Activity: The line containing "Erleben Sie das" marks the end: copy exactly every line from the start of the records below up to and including it, leaving out pictures.

The records:
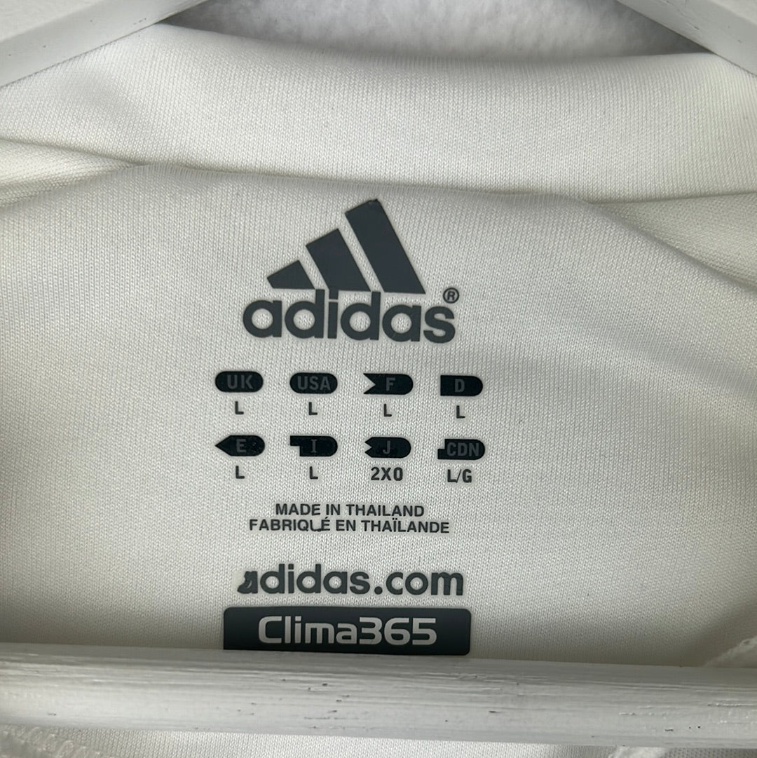 Player Issue Details: Original formation Adidas shirt, correct badges and prints for a La Liga match. The Adidas stripes and logo are printed on - correct for a player issue shirts in this season.
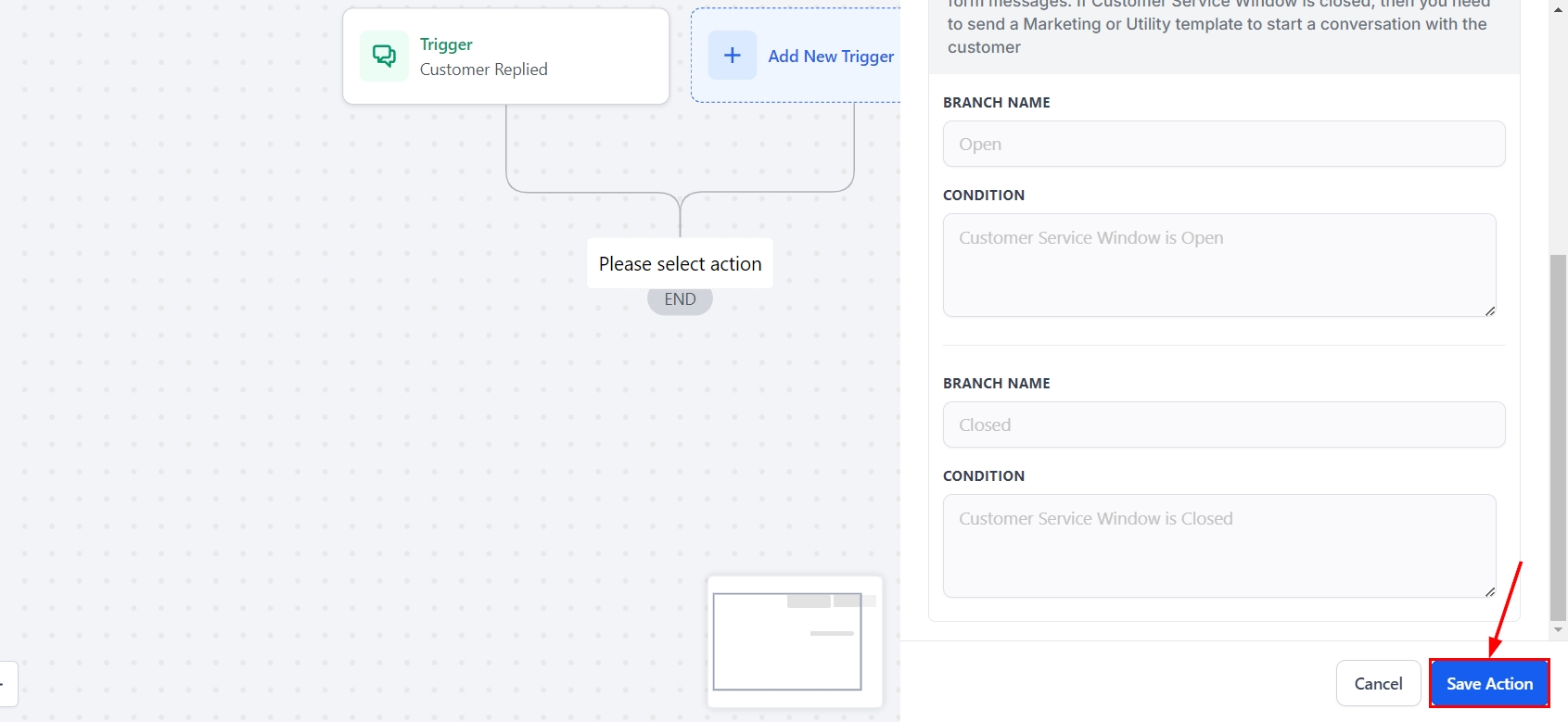 Add an action by clicking the plus icon and selecting "WhatsApp: Customer Service Window Check."
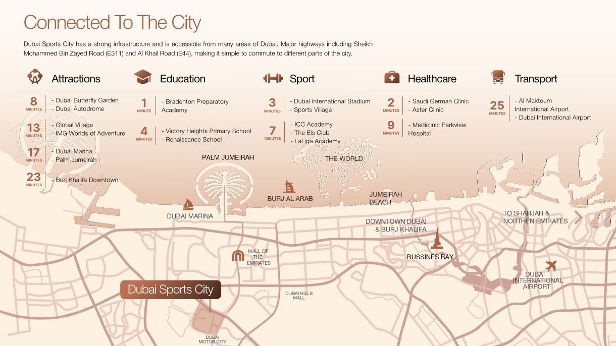 Erleben Sie das dynamische Leben in Dubai Sports City und profitieren Sie von einer hochwertigen Wohnlage, die Ihnen alles bietet, was Sie für ein entspanntes und aktives Leben brauchen.
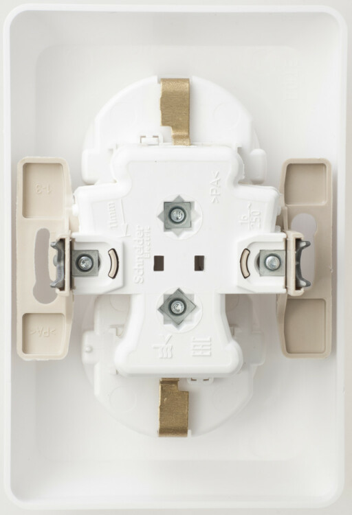 Розетка Systeme Electric (ранее Schneider Electric) ЭТЮД (белый, скрытой установки) двухместная, с заземлением и шторками предназначена для применения в сетях до 250В, на ток до 16А. Двухместная розетка позволяет подключить два устройства в одном месте. Габаритные размеры основания 113*76,5 мм. Шторки и заземление обеспечивают дополнительную безопасность при косвенных прикосновениях. Сделано в России.
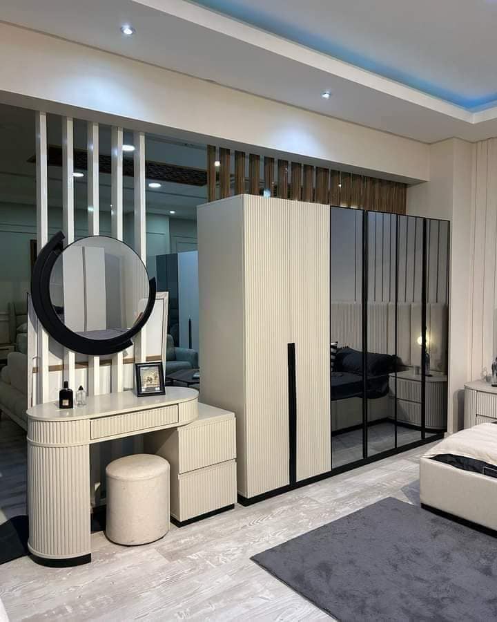 في قسم غرف النوم، هتلاقي سراير مودرن وكلاسيك، ودولايب بتقسيمات متنوعة، وتسريحات بتكمل الشكل العام للغرفة. كمان التصميمات مناسبة للمساحات الكبيرة والصغيرة، يعني هتلاقي اللي يناسب شقتك مهما كانت مساحتها.
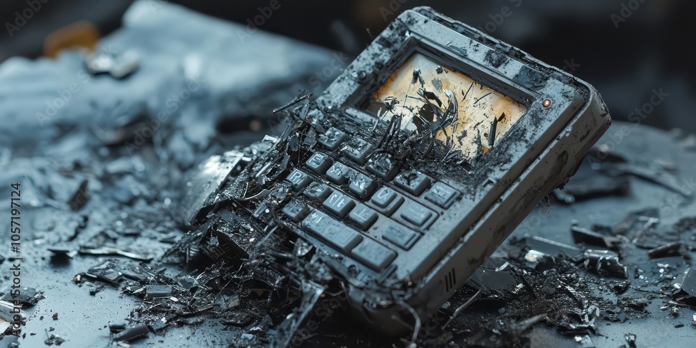 Old pager undergoing dramatic destruction, representing outdated technology and decay, captured in high resolution. #1057197124
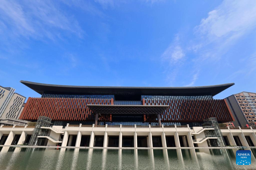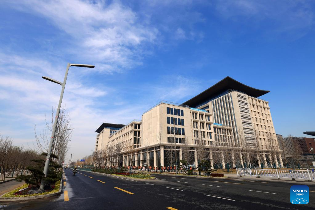 Photo taken on March 31, 2022 shows the business service center in Xiong'an New Area, north China's Hebei Province. Dubbed China's youngest city and a "city of the future," Xiong'an New Area marks its fifth anniversary on Friday. China announced plans to establish Xiong'an New Area on April 1, 2017, to relieve Beijing of functions non-essential to its role as the national capital and advance the coordinated development of the Beijing-Tianjin-Hebei region.By the end of 2021, construction has begun on 177 key projects in Xiong'an, with a total investment of 618.4 billion yuan (97.2 billion U.S. dollars). Sixty of them have been completed. So far, the major roads to the city, the main streets in the city, the Ecological Corridor, and the urban water system have taken shape. (Xinhua/Xing Guangli)
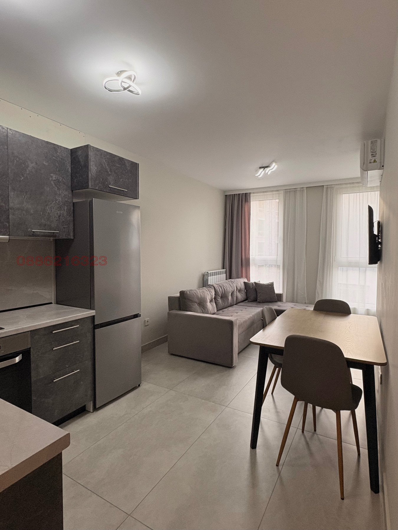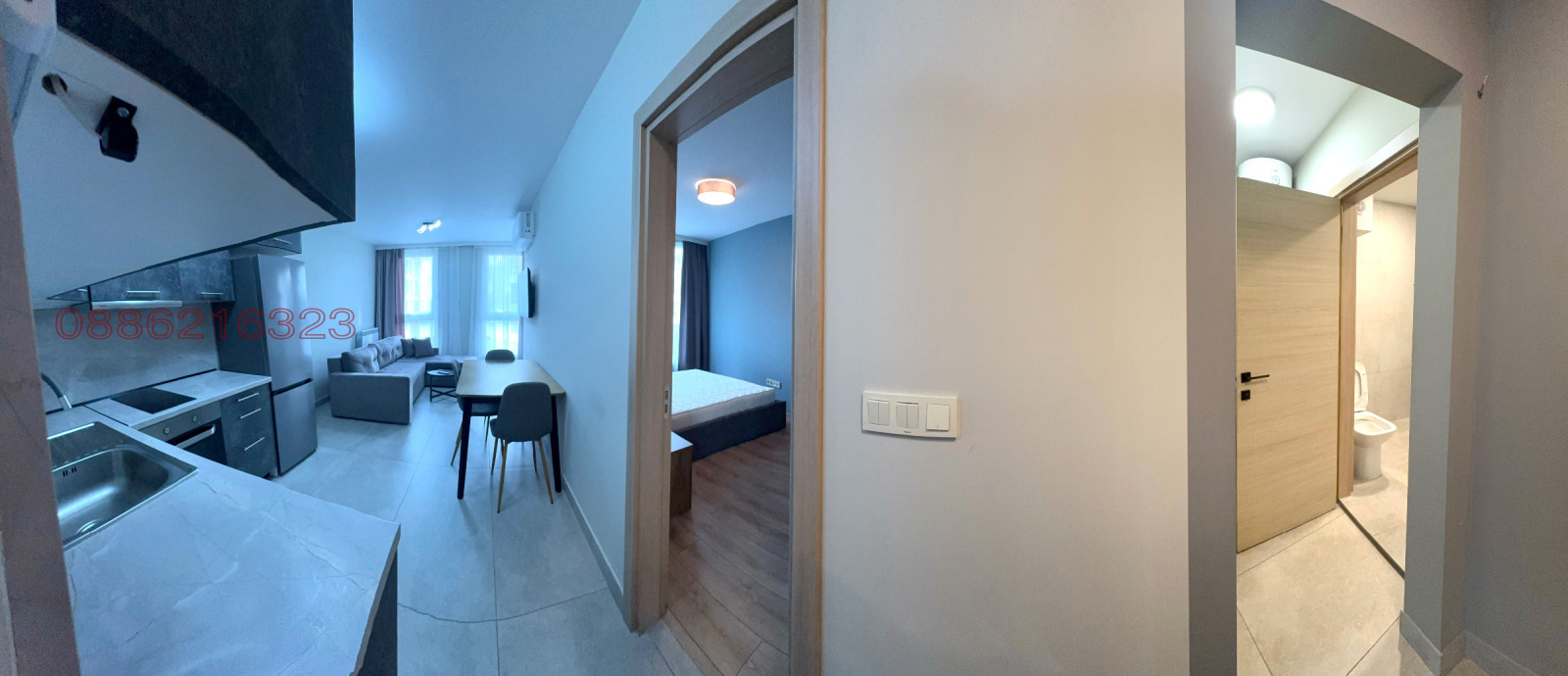 Апартаментът е напълно обзаведен с нови, качествени мебели и оборудван с всички необходими електроуреди телевизор, климатик, съдомиална и изцяло оборудвана кухня. Разпределението включва светла дневна с кухненски бокс, уютна спалня и модерна баня, с предверие в което се намира комбинирана пералня със сушилня.
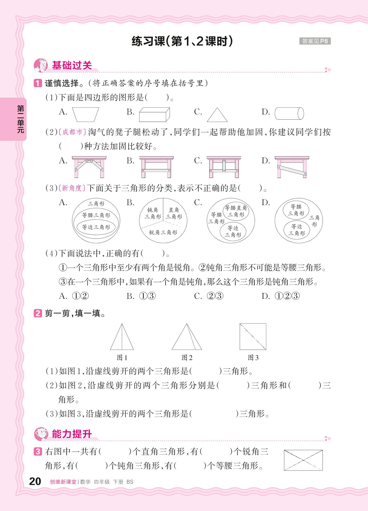 2024春下册四年级数学北师版 第二单元 认识三角形和四边形——图形分类、三角形分类练习课
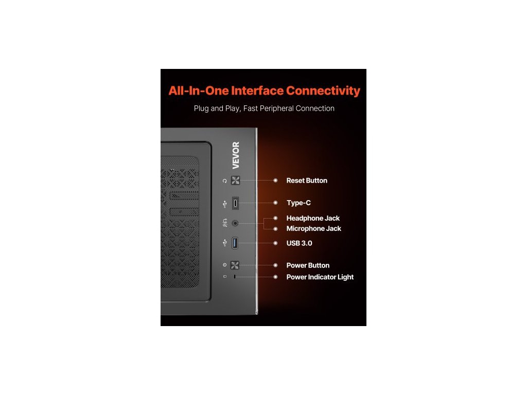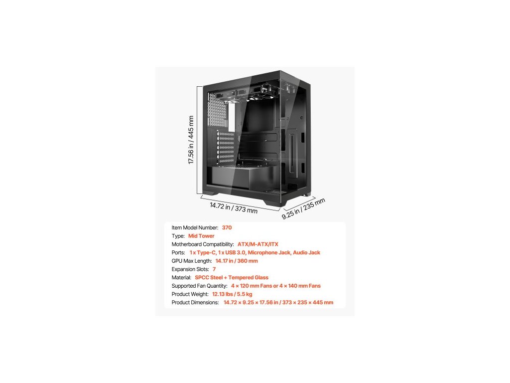 Kompatibilita se základní deskou: ATX/M-ATX/ITX,Typ: Mid Tower,Podporovaný počet ventilátorů: 4 x 120 mm ventilátory, 4 x 140 mm ventilátory,Rozšiřující sloty: 7,Maximální délka GPU: 14,17 palce / 360 mm,Číslo modelu položky: 370,Porty: 1 x Type-C, 1 x USB 3.0,Jack pro mikrofon,Audio jack,Materiál: SPCC ocel + tvrzené Sklo

Answer box:
 Player Issue Details: Original formation Adidas shirt, correct badges and prints for a La Liga match. The Adidas stripes and logo are printed on - correct for a player issue shirts in this season.
 Add an action by clicking the plus icon and selecting "WhatsApp: Customer Service Window Check."
 Erleben Sie das dynamische Leben in Dubai Sports City und profitieren Sie von einer hochwertigen Wohnlage, die Ihnen alles bietet, was Sie für ein entspanntes und aktives Leben brauchen.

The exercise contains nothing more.